5) test, test, test.
It is very important to develop and document hypotheses Before launch a campaign. We often think we know how things will work, but only when we see the plan on paper (and document the results) can we really learn and improve.
However, before you spend all of your money on one thing, it’s smart to use a portion of your budget for testing. The testing period will help you 1) make sure things are working properly and 2) show you what works and what doesn’t (or what could work best). This is a surefire way to improve your return on investment without wasting a lot of money off the bat.
5) Monitoring and reporting.
While your measurement approach is unique to each campaign, to calculate your B2B marketing success in terms of dollars and cents, the formula is simple.
return on investment formula
[Return – Investment] / investment
Let’s say you spent $5,000 on a campaign that generated 5 leads, and your average lifetime customer value is $50,000.
$250,000 return (5 leads x $50,000) – $5,000 investment = $245,000
$245,000 (Return – Investment) / $5,000 (Investment) = 49
49 x 100 = 4900% ROI
Of course, this is your high-profile number. You can use a more accurate method of calculating. To do that, here are some calculator tools that may help you:
What matters most in reporting ROI is not just the number you end up getting but the insights you’ve learned. Take the time to research the data and process the results.
- Was your original hypothesis correct?
- What has been particularly successful?
- What has been notably unsuccessful?
The more critically you analyze your results, the better you can improve them next time.
How to improve your return on investment
No matter how successful you are in B2B marketing, there is always room for growth.

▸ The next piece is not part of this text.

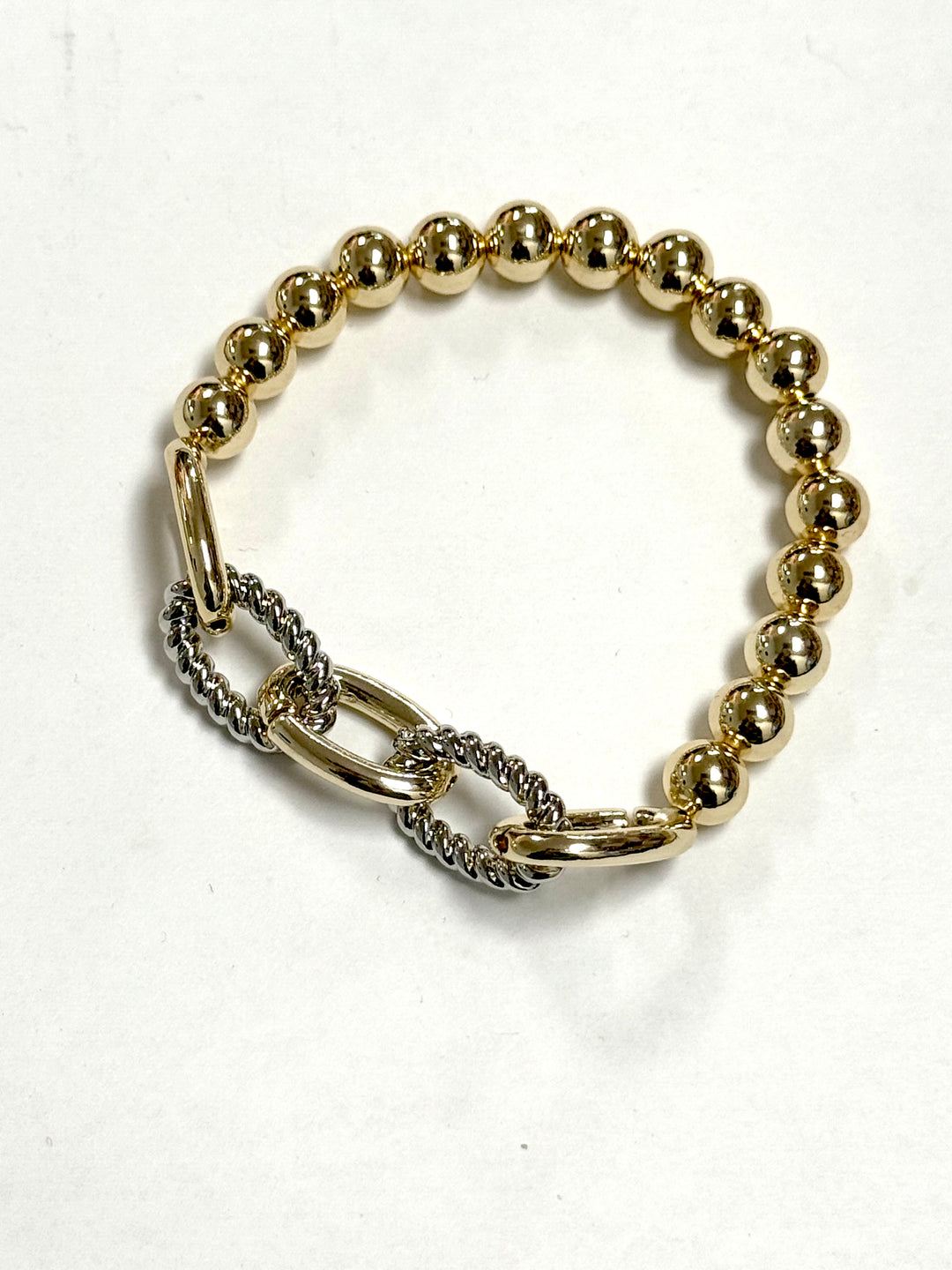 Allison - Elasticized Chain Link Bracelet (Brushed Two Toned)

There are a few things to keep in mind as you continue to refine your strategy:
- Don’t get tunnel vision. It is important to start with a hypothesis, but do not multiply what you want Think You want when the data shows something else entirely. For example, maybe you wanted a fast-spreading YouTube hit (and failed). But if the data showed that your Instagram story conversion rate was astronomical compared to YouTube, you’ll see that this is where you should put your money next.
- Expect the unexpected. Many marketers get frustrated if they don’t get the results they were expecting. (Even if the results are good, you can take a beating of your ego if the results aren’t what you want.) Just know that this is all part of the learning process. Be brave and humble enough to adjust, test and grow.
- Look for missed opportunities. If you’ve tried everything you can think of and you’re still struggling to get the ROI you want, it’s time to get back to basics. Conduct a content audit to evaluate your own content, as well as that of your competitors, identifying opportunities for improvement, message gaps, etc. You may also want to re-plan the customer journey to make sure you’re giving people the right messages at the right time.